──────── PROVIDED DATA
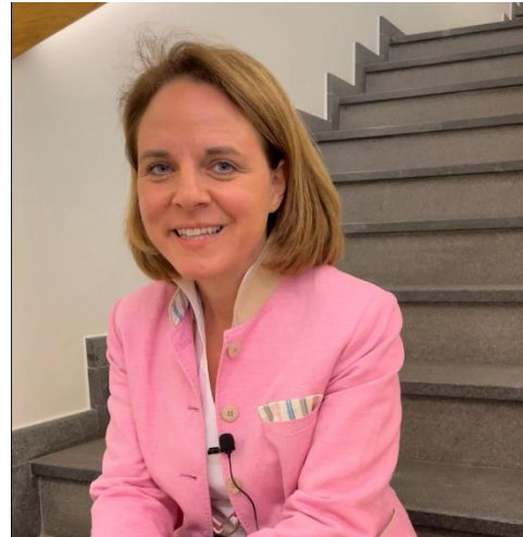
Voting: a 1-2-3 video guide in English
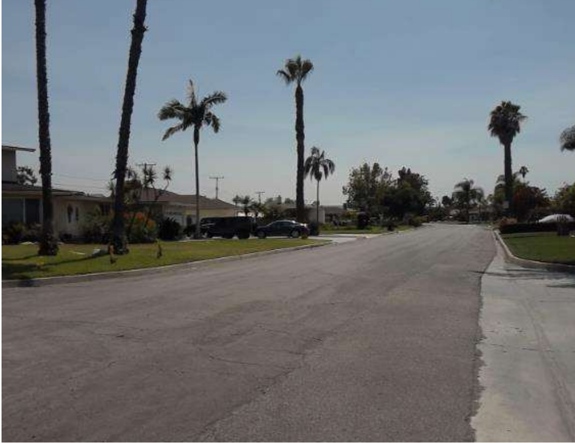
Bellman Avenue - Baysinger Street to Cherokee Drive

Baysinger Street to Cherokee Drive Downey, CA 90242
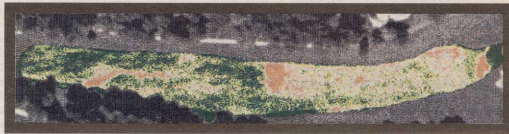
The WHoleView image from a flyover shows turf health, from the less healthy browns and yellows to the more healthy greens and dark greens.
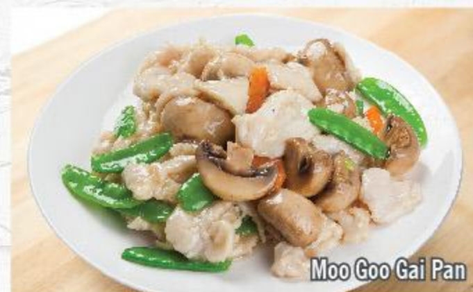
Moo Goo Gai Pan
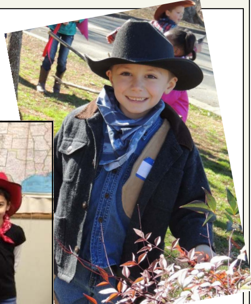
Kindergarten through 2nd grades celebrated the 100th day of school!
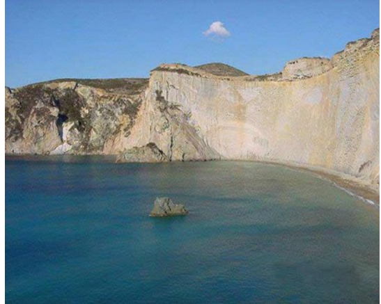
Ponza: Moon Bay

Sea depths are often changing and very charming.
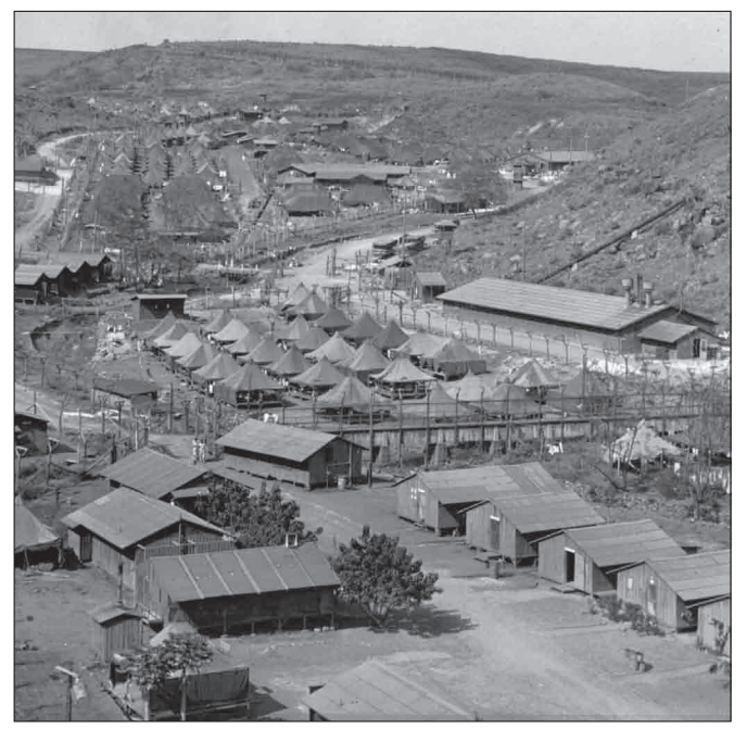
Honouliuli Internment Camp, R.H. Lodge photograph, courtesy of Hawai'i's Plantation Village.

Map Provided By: PWR Inforrmation Coordination and Management - Honolulu February 22, 2011; Map Drawing# 963-106843
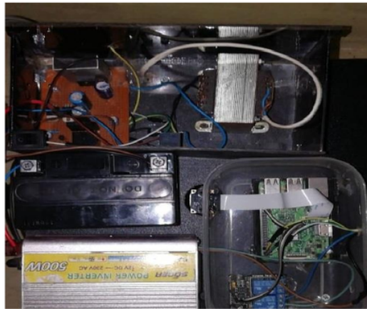
Figure 2 Results of the egg incubator series above

On the inside of the egg incubator, there is a place for laying eggs that has been given a temperature sensor and a heating element. Below the egg laying area is a heating element. The roof of the machine has LEDs to illuminate from inside the machine. For the top series can be seen in Figure 3 below.
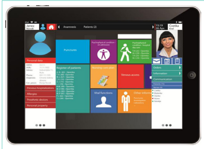
Figure 1: Main menu window
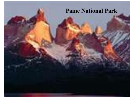
Paine National Park

You are advised to contact your Doctor or Public Health authority regarding inoculations, medications etc. Some walking is involved when visiting scheduled sites and parks, a certain degree of fitness is required. Please plan your luggage to your ability to carry it at times. Those with disabilities are welcome but must provide their own companion as there is no provision for individuals who require ongoing assistance.
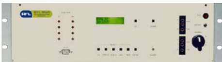
9745 Analog/Digital Teleprotection Device
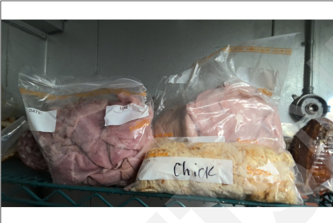
Deli meat and chicken no date
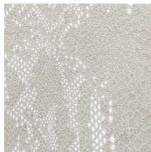
03 FROZEN (PRINTED ON 8002/02)

Dashed lines indicate average largest cut yield *Pattern is not shown to scale
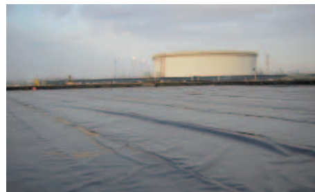
Left Fire Fighting Lagoon Papua New Guinea
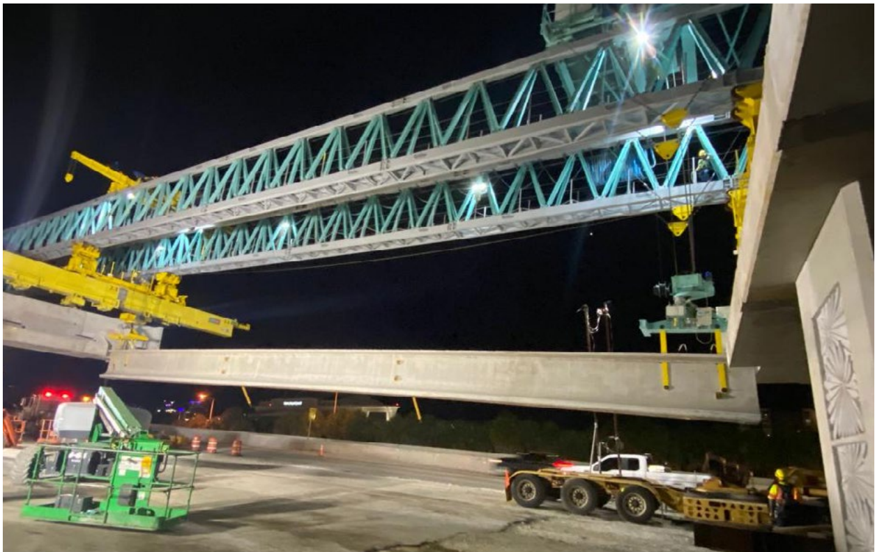
Installation of first bridge beam for the new SR 836 second level roadway with the specialized bridge cap and beam lifter
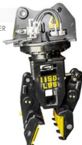
Dual-Pivot Model BACKHOE LOADER
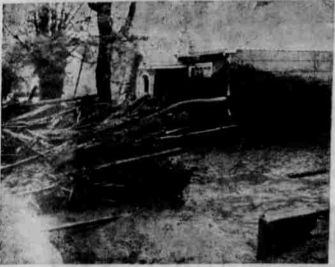
THE LEE BOUTELLE home here shows damage from road paving chunks, mud and debris. (Forest Service photo).
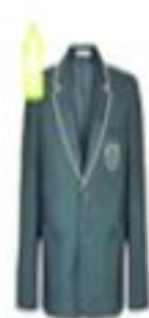
Green school blazer
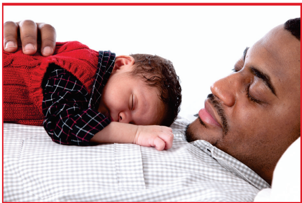
for illustrative purposes only

L ong after the winds and rains stop and the sun begins to shine, children—and adults—can and often do continue to experience repercussions from the event.
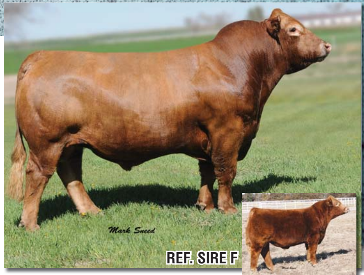
REF. SIRE F

A dark red bull sired by Fired Up. A very attractive bull that's square made, wide based, with a long level topline. The maternal side of his pedigree comes from the foundation of our red factor bloodline, Miss Key Cookie 242K. Retaining 1/4 interest.
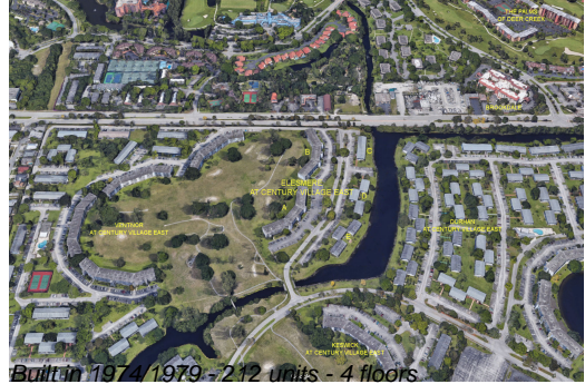
Built in 1974/1979 - 212 units - 4 floors
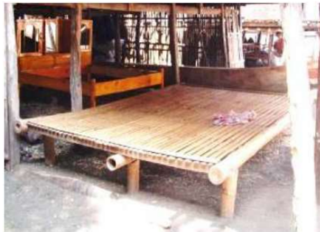
Fig.1. The shape of bale-bale

Bale-bale is a simple-designed place, easily moved, cheap, and easy to find which makes it usable by many people. The following is picture of bale-bale:
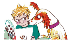
reading dog visits
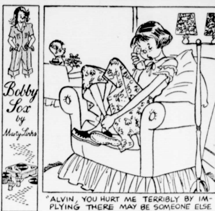
Bobby Sox by Marty Lubbo

"SHOVEL THE OTHER HALF OF YOUR WALK FOR A DOLLAR, LADY?"
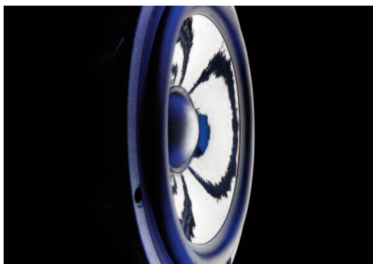
Automotive speaker cone
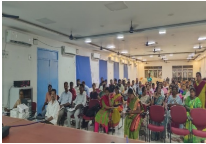
Review Meeting at DAPCU

The DAPCU holds monthly review meetings with all NACP facilities in the district. Key focus areas: reviewing and validating monthly reports, evaluating facility operations, reviewing referrals and linkages, and assessing the status of social welfare benefits for PLHIV and HRGs.
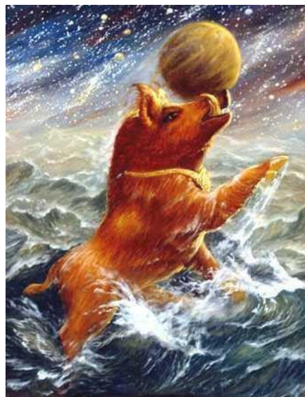
Lord Varaha-deva (a.k.a. Lord Vishnu, Lord Narayana, Lord Krishna, Lord Raam)
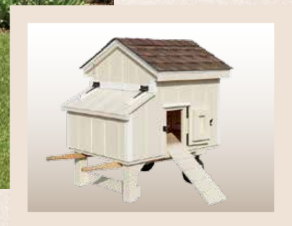
3' X 3' A-Frame Almond with White Trim Barkwood Shingles 57½" High Outside 33" High Inside 10" Off Ground Shown with Optional Wheels and Wheel Barrow Handle
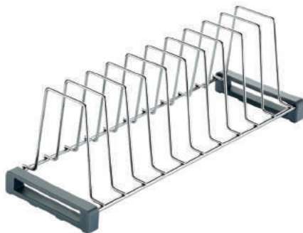
Plate / Thali Insert

Width (in inches) : 12 | 15 | 17 | 19 | 21 | 24 Depth (in inches) : 16 | 20 Height (in inches) : 4
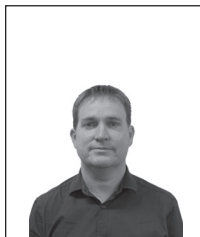
✗ Unsuitable Too small: photo will pixelate when enlarged
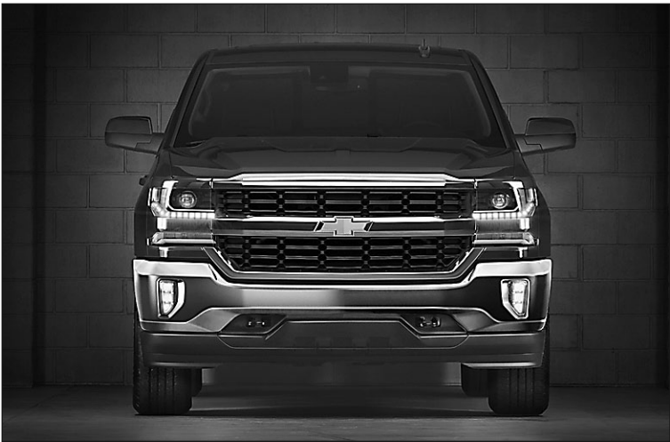
2016 Chevy Silverado

Compared with a comparable Sierra 1500 with a 5.3L/eight-speed powertrain, the Sierra with eAssist offers an EPA-estimated 18 mpg city – a 2-mpg improvement – while highway fuel economy improves 2 mpg to 24 mpg. The combined estimate improves 2 mpg to 20 mpg. The 5.3L eAssist V8 has a GM-estimated 355 hp and 383 lb.-ft. of torque,
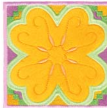
FA684 Summer 3.90 X 3.88 in. 99.06 X 98.55 mm 18,227 St.
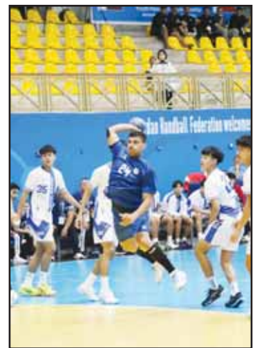
A Kuwaiti player makes a goal attempt against Chinese Taipei.
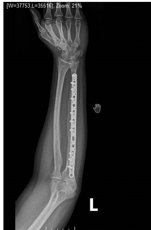
Figure 8 Anteroposterior radiograph demonstrating reduction of the radiocapitellar joint and union of the ulna segmental fracture at 6 months postoperatively.

reduction of the radial head. 9 In that case, the patient had a pre-operative PIN palsy. The PIN was lacerated on exposure of the radiocapitellar joint and was repaired.
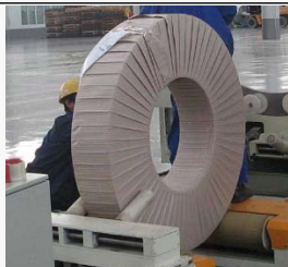
Steel Coil Packing Machine

The machinery is specialist for the packing process of slit steel coil, stainless steel coil, alloy coil...Trolley can be choose for loading&unloading. Automatic coil packing line is available too.
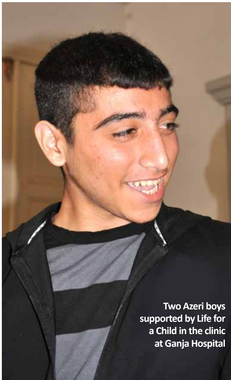
Two Azeri boys supported by Life for a Child in the clinic at Ganja Hospital

Update n° 21 | January 2012 | Central and South Asia
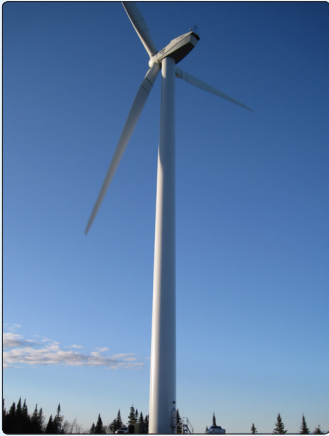
• 80 meter T-2 Wind turbine view
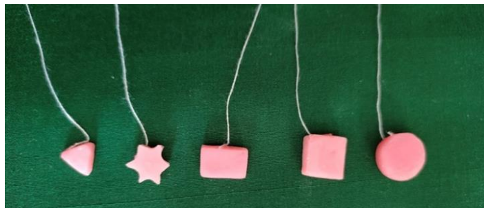
Fig. 1: Triangle, star, rectangle, square and round shape was chosen from the 20 shapes designated by the National Institute of Dental Research.

Oral stereognosis assessments were conducted at multiple time points: at the outset of the treatment, during denture delivery, and subsequently at one month, three months, and six months following denture delivery.
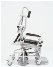
8° Anterior tilt
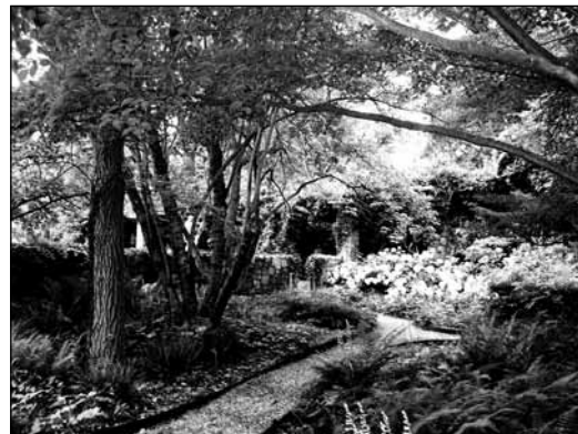
Native Garden — in need of plant signage

T he Watnong Chapter of the North American Rock Garden Society has also given us another generous grant which will enable us to provide more plant signage in the walled garden and the native garden. Last year we were able to add 22 metal accession tags on woody plants and 159 new labels on perennials. This year we will be able to continue our plant signage program, which will help answer the “what is that?” question we are always being asked.
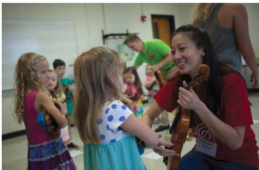
String Explosion Violin Twinklers
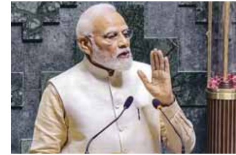
PIONEER NEWS SERVICE ■ NEW DELHI

Prime Minister Narendra Modi will inaugurate on Friday the meeting of Presiding Officers of Parliaments of G20 member nations that will deliberate on critical global issues such as gender equality and transforming lives through public digital programmes. Lok Sabha Speaker Om Birla will kick-start the three-day summit on Thursday by chairing a Parliamentary Forum on LiFE (Lifestyle for Environment), a movement proposed by Modi to advocate sustainable lifestyles to safeguard the environment. The Parliamentary Forum on LiFE will bring together parliamentarians from G-20 nations, along with invited countries and international organizations, to deliberate on strategies for advancing sustainable lifestyles and combating climate change, a Lok Sabha Secretariat state-
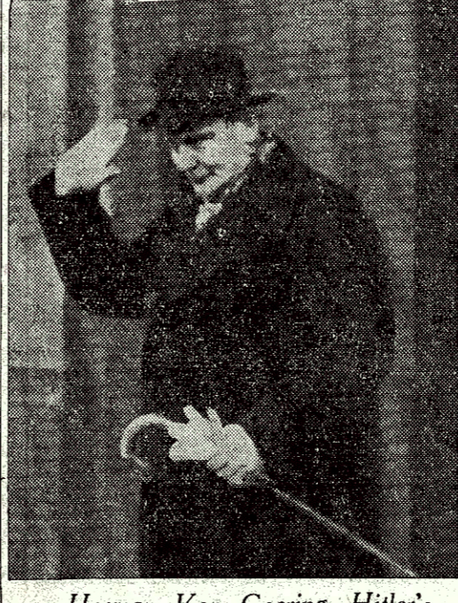
Herman Von Goering, Hitler's number one boy who designed the fascist program of aggression which includes invasion of the Soviet Union and seizure of the smaller nations of Europe.
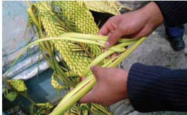
Using more common palm species for religious decorations preserves wax palm stands. Wax palms provide vital nesting habitat for endangered birds such as the Golden-plumed Parakeet.

Expanded: Working with ABC's partner Asociación Ecosistemas Andinos (ECOAN), the Abra Patricia Reserve was increased by 1,606 acres in 2006, providing significant new protected habitat for the globally threatened Ochre-fronted Antpitta, Johnson's Tody-
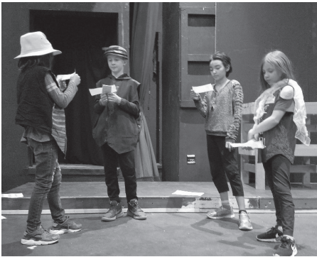
Little Players Children's Workshop

L ittle Players Children's Theatre started out last year undertaking Shakespeare in the third to fifth grade workshop. Twenty students learned about Shakespeare's life and four of his most famous plays: "Macbeth," "A Midsummer's Night Dream," "Hamlet" and "Romeo and Juliet." The students all learned the "To be or not to be" scene from "Hamlet," learned medieval language and insults, and did skits with costumes in preparation to perform a condensed version of "Macbeth" for their family and friends.
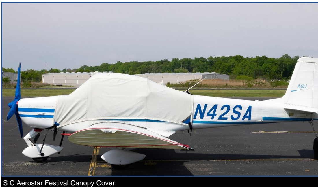
S C Aerostar Festival Canopy Cover
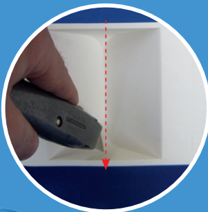
Cut along the centre-marking.
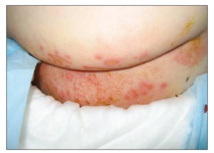
Figure 2. Incontinence-associated dermatitis in a patient with C. difficile.
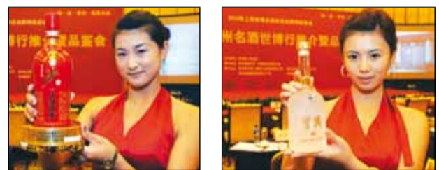
Clockwise from top: The Jinsha, Xijiu and Fanjing Mountain liquors, Guizhou's renowned liquor products apart from Moutai, were on display during the 2010 Shanghai World Expo and 2011 China (Guizhou) International Alcoholic Beverage Expo.

During last year's event, Guizhou signed 1,867 contracts on alcoholic beverages, with a trade volume of 49.74 billion yuan, including 1.5 billion yuan in imports and exports.
────────────────
ASSIGNMENT – Copy only the lines above from the one containing "Compared with a" through the one containing "Native Garden — in need of plant signage", both included. Leave out the pictures.

RESPONSE BOX –
Compared with a comparable Sierra 1500 with a 5.3L/eight-speed powertrain, the Sierra with eAssist offers an EPA-estimated 18 mpg city – a 2-mpg improvement – while highway fuel economy improves 2 mpg to 24 mpg. The combined estimate improves 2 mpg to 20 mpg. The 5.3L eAssist V8 has a GM-estimated 355 hp and 383 lb.-ft. of torque,
FA684 Summer 3.90 X 3.88 in. 99.06 X 98.55 mm 18,227 St.
A Kuwaiti player makes a goal attempt against Chinese Taipei.
Figure 8 Anteroposterior radiograph demonstrating reduction of the radiocapitellar joint and union of the ulna segmental fracture at 6 months postoperatively.

reduction of the radial head. 9 In that case, the patient had a pre-operative PIN palsy. The PIN was lacerated on exposure of the radiocapitellar joint and was repaired.
Steel Coil Packing Machine

The machinery is specialist for the packing process of slit steel coil, stainless steel coil, alloy coil...Trolley can be choose for loading&unloading. Automatic coil packing line is available too.
Two Azeri boys supported by Life for a Child in the clinic at Ganja Hospital

Update n° 21 | January 2012 | Central and South Asia
• 80 meter T-2 Wind turbine view
Fig. 1: Triangle, star, rectangle, square and round shape was chosen from the 20 shapes designated by the National Institute of Dental Research.

Oral stereognosis assessments were conducted at multiple time points: at the outset of the treatment, during denture delivery, and subsequently at one month, three months, and six months following denture delivery.
8° Anterior tilt
Native Garden — in need of plant signage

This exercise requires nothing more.